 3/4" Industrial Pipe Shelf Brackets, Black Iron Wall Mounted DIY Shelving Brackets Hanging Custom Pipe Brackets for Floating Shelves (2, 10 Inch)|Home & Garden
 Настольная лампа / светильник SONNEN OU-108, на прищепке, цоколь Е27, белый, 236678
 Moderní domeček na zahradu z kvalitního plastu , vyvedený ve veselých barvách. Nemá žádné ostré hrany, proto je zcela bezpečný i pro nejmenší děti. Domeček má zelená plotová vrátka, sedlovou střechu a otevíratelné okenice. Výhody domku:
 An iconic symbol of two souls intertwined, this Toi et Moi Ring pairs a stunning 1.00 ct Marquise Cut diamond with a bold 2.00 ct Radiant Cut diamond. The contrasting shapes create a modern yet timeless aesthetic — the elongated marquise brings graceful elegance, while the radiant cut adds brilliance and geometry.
·····
- REQUIRED ACTION
Give again, exactly, every line from the one holding "Moderní domeček na" to the last line of the data.

- RESULT
 Moderní domeček na zahradu z kvalitního plastu , vyvedený ve veselých barvách. Nemá žádné ostré hrany, proto je zcela bezpečný i pro nejmenší děti. Domeček má zelená plotová vrátka, sedlovou střechu a otevíratelné okenice. Výhody domku:
 An iconic symbol of two souls intertwined, this Toi et Moi Ring pairs a stunning 1.00 ct Marquise Cut diamond with a bold 2.00 ct Radiant Cut diamond. The contrasting shapes create a modern yet timeless aesthetic — the elongated marquise brings graceful elegance, while the radiant cut adds brilliance and geometry.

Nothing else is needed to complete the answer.